The toys? They can get as numerous and sprawling as sewing toys, but they’re not necessary. If you want to “hand-bind” a book you’ve written, all you need is your laptop—everything else comes directly from the heart through the fingertips. You don’t have to have your feet up. You don’t want to talk to anyone. You specifically don’t want anyone talking to you. It’s not social at all. Because, in the end, when you are writing a book—or short fiction, or an essay—it is just you and the story. It is who you are much more than it is what you do.

It can sometimes be, if you’re lonely or overwhelmed or can’t think of a thing to say, a curse. More often, it is the greatest of blessings.

Wake up back there, Judith! I’m done. Thank you again for inviting me to Thursday’s Child today. It’s been a splendid visit, but I need to get back to work.

 
Here it is--The Girls of Tonsil Lake!
* * * * *

I'm awake! I'm awake! Thanks, Liz, for insight into the writing world and a peep into your sewing-writing room.

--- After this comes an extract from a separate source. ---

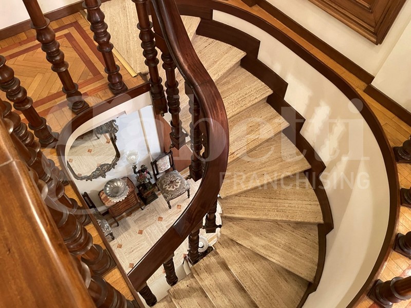 Appio Latino - San Giovanni - Nella storica Via Latina, a due passi dalle Mura Latine e dal Parco degli Scipioni, in posizione centralissima fornita di ogni servizio, proponiamo in vendita uno splendido appartamento di ampia metratura su due livelli, ai piani primo e secondo collegati tra loro da una magnifica scala interna. L'immobile è composto al primo piano da ingresso, salone doppio di rappresentanza con pavimenti in marmo travertino ed intarsi, un'ampia cucina abitabile, camera-studio impreziosita con boiserie in legno, bagno con finestra, comodo ripostiglio sottoscala ed ampio balcone. Attraverso una meravigliosa scala interna anch'essa in marmo travertino e corrimano di alta falegnameria, si accede alla zona notte sita al piano secondo, composta di tre camere da letto e due bagni entrambi finestrati ed un balcone.

Liz's books are available at Amazon and Barnes & Noble--her latest, The Girls of Tonsil Lake, is women's fiction, and it'll have you laughing and crying (well, actually, all her books do that). But if you like friendship books, you'll love the four women who've been friends for nearly 50 years.

In October 2014 Harlequin will release Back to McGuffey's (I think it's book #9, right, Liz?), in their Heartwarming line of sweet, wonderfully romantic novels. I can't wait. Both online booksellers offer it now for presale!